* STUDY MATERIAL

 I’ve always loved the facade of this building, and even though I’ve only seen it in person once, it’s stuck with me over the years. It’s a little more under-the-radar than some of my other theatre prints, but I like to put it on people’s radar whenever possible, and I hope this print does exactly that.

---

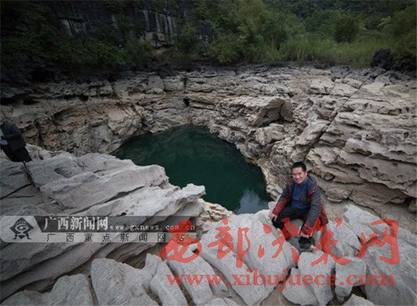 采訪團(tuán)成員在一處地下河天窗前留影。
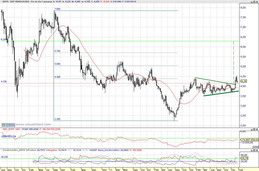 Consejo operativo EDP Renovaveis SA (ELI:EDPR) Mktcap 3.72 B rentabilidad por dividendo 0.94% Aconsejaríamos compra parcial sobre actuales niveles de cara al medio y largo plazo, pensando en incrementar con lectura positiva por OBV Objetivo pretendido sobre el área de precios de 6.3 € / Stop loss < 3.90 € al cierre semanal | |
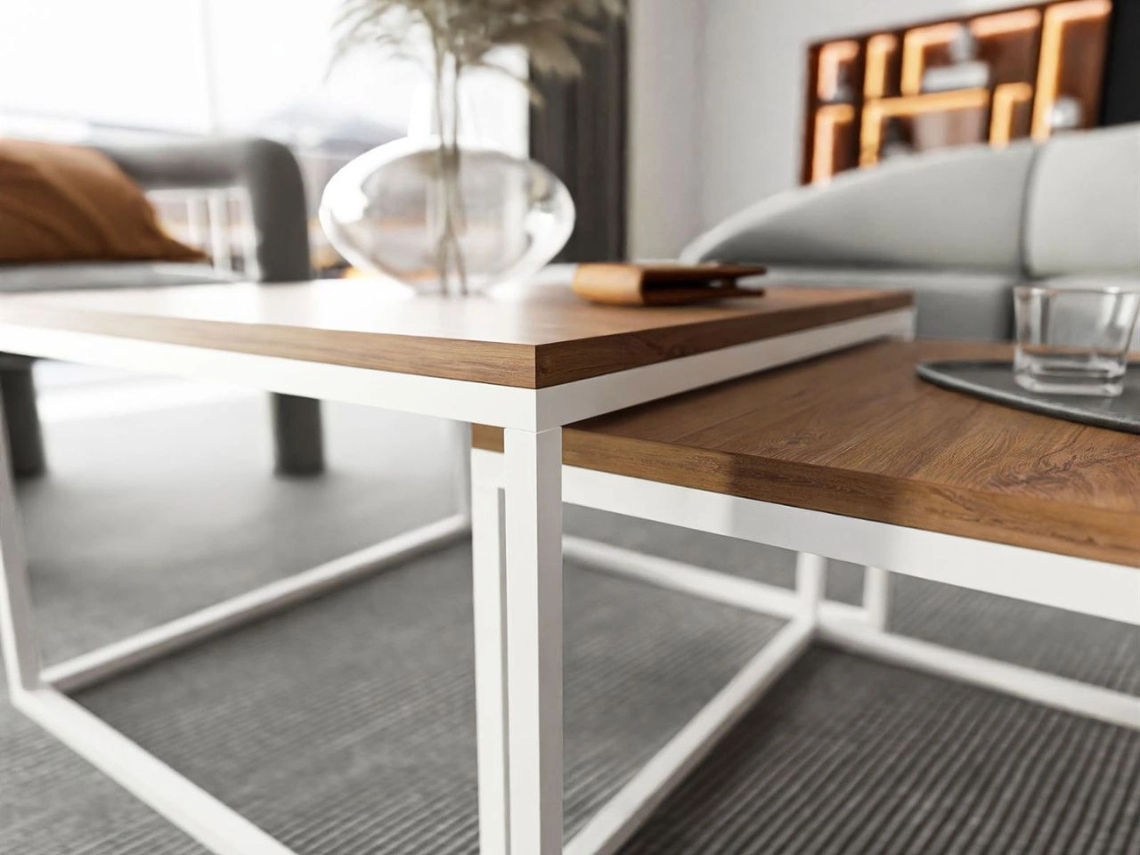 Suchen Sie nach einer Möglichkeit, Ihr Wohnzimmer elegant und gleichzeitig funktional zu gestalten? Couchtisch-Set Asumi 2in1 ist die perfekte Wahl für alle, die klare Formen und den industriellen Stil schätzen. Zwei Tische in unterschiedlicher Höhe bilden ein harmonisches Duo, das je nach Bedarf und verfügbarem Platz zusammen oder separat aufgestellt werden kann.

* PROBLEM
Exact copy, no pictures. Write out the lines in the entries above, starting with the line with "采訪團(tuán)成員在一處地下河天窗前留影。" and going on through the line with "Consejo operativo EDP", keeping both.

* RESULT OF THIS EXERCISE
 采訪團(tuán)成員在一處地下河天窗前留影。
 Consejo operativo EDP Renovaveis SA (ELI:EDPR) Mktcap 3.72 B rentabilidad por dividendo 0.94% Aconsejaríamos compra parcial sobre actuales niveles de cara al medio y largo plazo, pensando en incrementar con lectura positiva por OBV Objetivo pretendido sobre el área de precios de 6.3 € / Stop loss < 3.90 € al cierre semanal | |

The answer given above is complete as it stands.